Аналогично, нет тайн и в человеческих душах для подобной плоской "антропологии" и "антропософии". Вот как мыслит наш вчерашний "научный атеист" духовные шаги других католических святых: "Это не бесовское видение, это плод естественной человеческой психологии..."[117]; "Если же рассматривать свидетельство Терезы как просто психический документ, – то оно будет достоверно и правдиво, как достоверно и немистично признание Цветаевой, открывающей "тайну жен":

Тайну Евы от древа – вот:

Я не более чем животное,
Кем-то раненное в живот.

Впрочем, у Терезы всю ее жизнь были непрестанные проблемы с ее духовниками–ее опыт смущал и их"[118], – заключает Кураев.

Последнее заявление диакона Кураева вызывает изумление: откуда стало ему известно о том, что на тайной исповеди говорила Тереза своим (их что, был десяток?) духовникам? Может быть, они по секрету, то, что вверяется исключительно Богу (!), рассказали вездесущему диакону? Как раз для того, чтобы в качестве жареного факта он и поведал это читающей публике?

Предполагается, что лицо, облаченное в духовный сан, обладает особой тонкостью и тактичностью в вопросах богопочитания и понимания духовного мира исповедывающегося. Оказывается, ничего подобного. Знакомясь с творчеством диакона, мы натолкнулись на его статью в журнале "для настоящих мужчин", отечественном порноделовом варианте "Плэй-боя". Среди фотографий, демонстрирующих на великолепной полиграфии изощренные сцены удовлетворения мужских прихотей обнаженными дамами (что еще недавно однозначно трактовалось как порнография), мы встречаем, – надо же! – вдумчивое лицо диакона Андрея Кураева на фоне православных икон с ликом Божией Матери!!! Диакон в статье с названием подстать всему журналу, – "Новый русский священник", делится, в том числе, своим мнением о проблемах сексуальной озабоченности у христианских монахинь. Вот слова его благовествования:

"Если говорить, например, о женской католической мистике, то во многом это просто неудавшаяся сублимация[119]. Если кто-нибудь услышал бы, какие звуки раздавались из комнаты Терезы Авильской, то подумал бы, что она там находится с мужчиной. А она молилась и переживала экстазы. Неудавшаяся сублимация – сексуальная энергия, которая не смогла преобразиться в энергию религиозную"[120].

В книге же "Вызов экуменизма" диакон еще более подробно делится мнениями о "животной" "женской" природе: "Приводя эти откровения Терезы, Д.Мережковский комментирует: "Если бы нечестивая, но опытная в любви женщина увидела Терезу в эту минуту, то поняла бы, что она понимает, что все это значит, и только удивилась бы, что с Терезой нет мужчины"; "Но ярче всего и соблазнительнее всего – это молитвенная практика католицизма.., – говорит А.Ф.Лосев. – Блаженная Анджела находится в сладкой истоме, не может найти себе места от любовных томлений... Это – очень сильные галлюцинации на почве истерии, то есть прелесть. И всех этих истериков, которым является Богородица и кормит их своими сосцами, всех этих истеричек, у которых при явлении Христа радостный озноб проходит по всему телу и между прочим сокращается маточная мускулатура, весь этот бедлам эротомании, бесовской гордости и сатанизма – можно, конечно, только анафематствовать". (Замечу, что я привел не из самого яркого. Приводить самое яркое и кощунственно и противно, – Кураев), – пишет Лосев".

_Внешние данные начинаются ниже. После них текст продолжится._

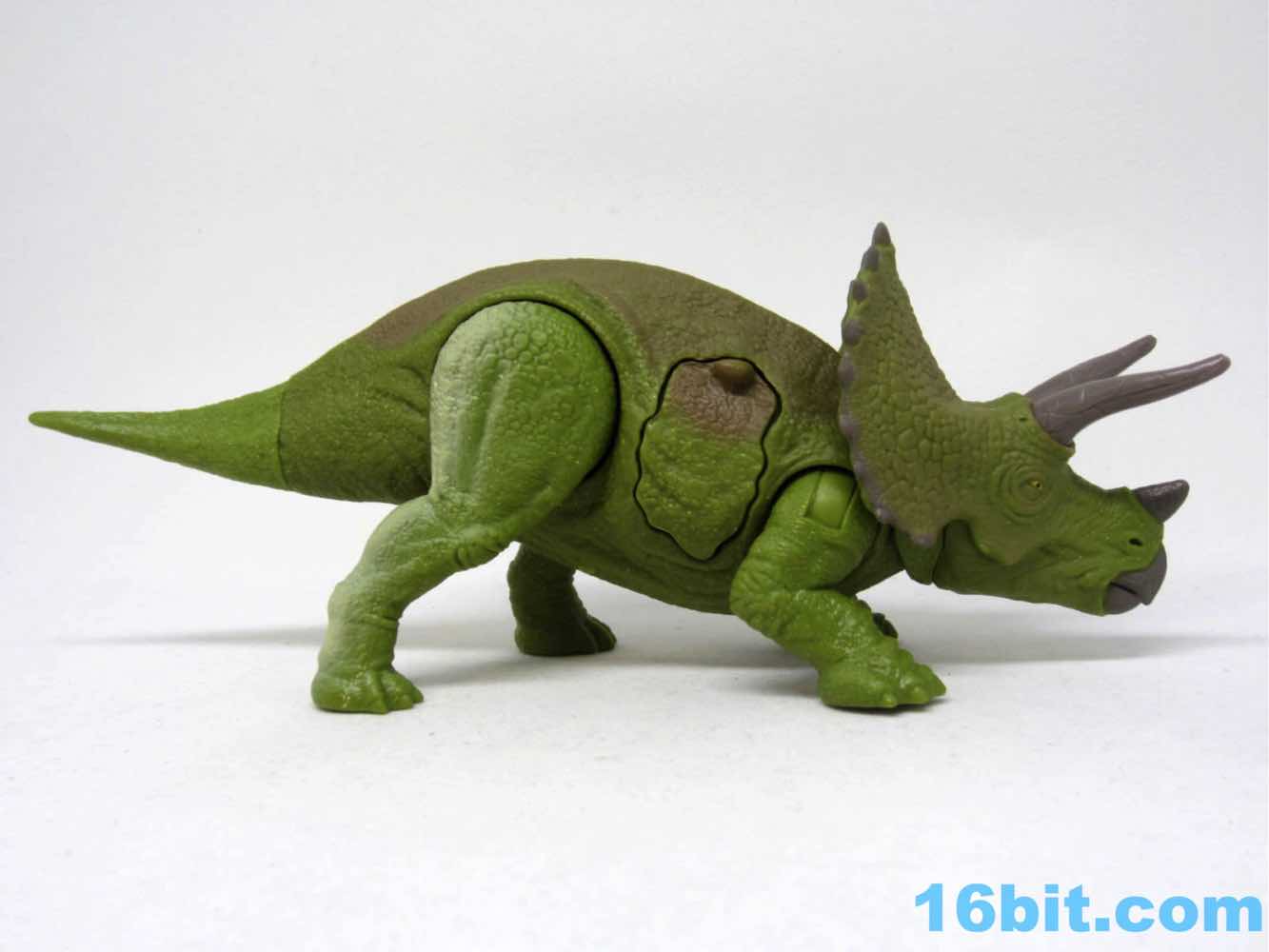 Mattel Jurassic World Battle Damage Triceratops Action FigureScale was important for Mattel, but it's not perfect in terms of execution. Most of the figures are roughly 1:18 scale (for 3 3/4-inch figures), with the Battle Damage Triceratops being comparatively tiny - maybe it's a baby, or maybe its mother smoked. Like the minis, and the giant T-Rex, this one is a bit out of whack - but it's a good $10 toy and a good size for small hands. At 8-inches long, it would probably be a bit over 3-meters were it truly 1:18 scale, so let's go with that. As a green juvenile dinosaur, I like it.

Вместе с тем Кураев с похвальной дотошностью разыскал размышления Терезы, которые, по предположению диакона, Лосев имел в виду, говоря о "Божественных сосцах" (что мы позволим себе опустить). Далее Кураев продолжает цитировать: "... Католическая эротомания связана, по-видимому, с насильственным возбуждением и разгорячением нижней части сердца. "Старающийся привести в движение и разгорячить нижнюю часть сердца приводит в движение силу вожделения, которая, по близости к ней половых органов, приводит в движение эти части...""[121]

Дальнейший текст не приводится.